All Saints' Church, King's Heath, is a Grade II listed Church of England parish in the Anglican Diocese of Birmingham.

History
The church was constructed by Edward Holmes and Frederick Preedy in 1860. It was consecrated on 26 July 1860 by Henry Pepys the Bishop of Worcester. The spire was completed in 1866.

The north aisle, organ chamber and vestries were added in 1883 by J. A. Chatwin. The west end was enlarged in 1899 by J. P. Sharp.

Organ
An organ was presented to the church around 1864 by Mr. Dawes. This was replaced in 1892 by an organ by Flight and Robson from St. John's Church, Blackheath, London.

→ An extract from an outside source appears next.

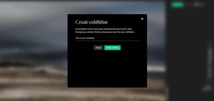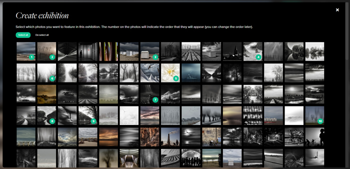Name your new exhibition and then click "Select photos". Select all photos you want to include in the exhibition. Numbers will indicate how many photos are selected. When you are done click "Create".
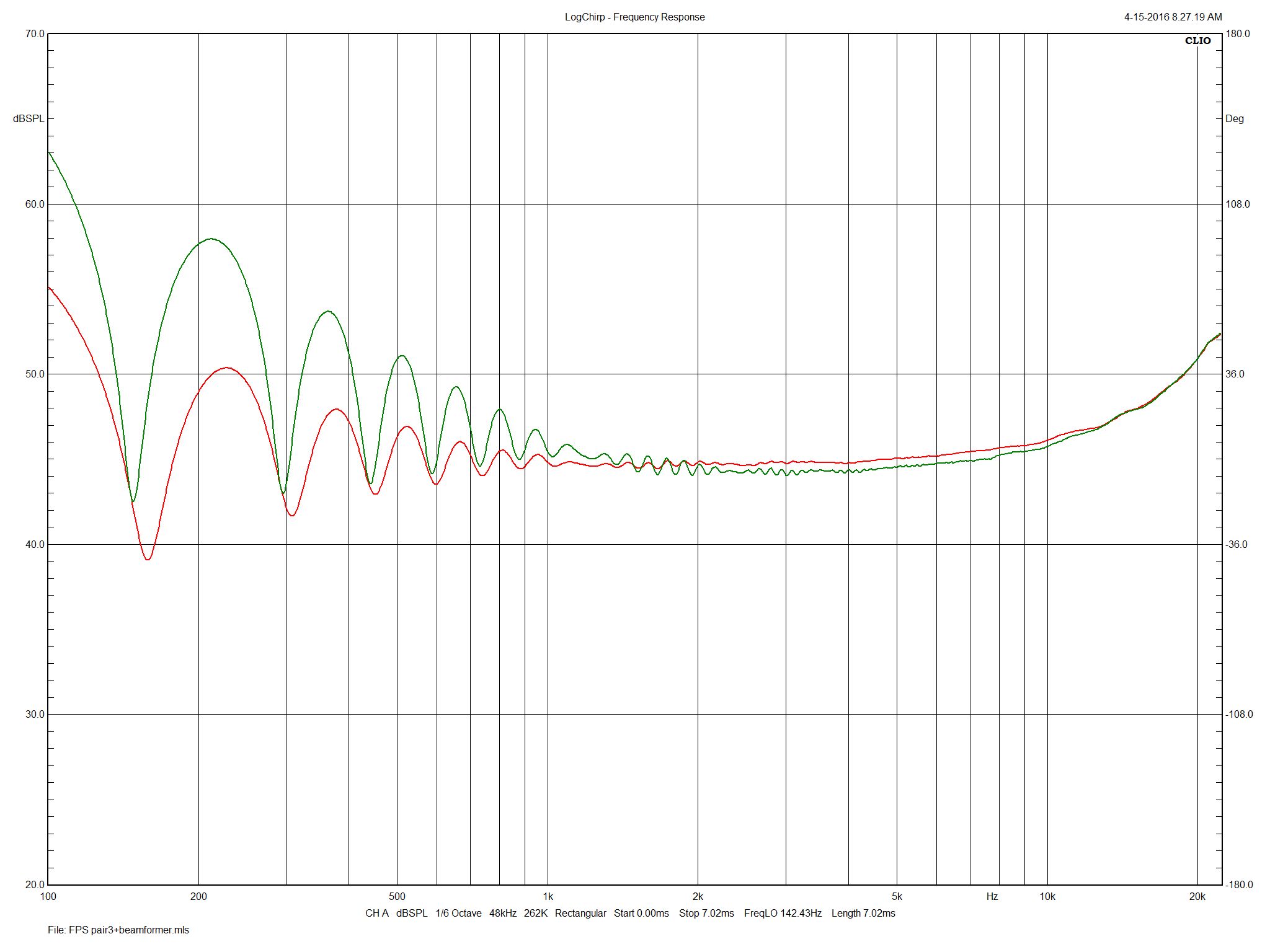 Here is a comparison of the FPS line array with the beamformer. The red plot is the beamformer off and the green plot is with the beamformer on. About 5dB of gain at the low end with the beamformer running. I did not select FPS drivers for sensitivity matching, so that might make it a little better.

In 1926 and organ by Nicholson and Co was installed. A specification of the organ can be found on the National Pipe Organ Register. This was replaced in 2008 by a Phoenix Digital Organ.

Notable clergy
 David Monteith, now Dean of Leicester, served his curacy here from 1993 to 1997.
 Michael Parker, later Bishop of Bradford, was vicar from 1939 to 1957

References

Grade II listed buildings in Birmingham
Church of England church buildings in Birmingham, West Midlands
Churches completed in 1860
19th-century Church of England church buildings
Gothic Revival church buildings in England
Gothic Revival architecture in the West Midlands (county)
Grade II listed churches in the West Midlands (county)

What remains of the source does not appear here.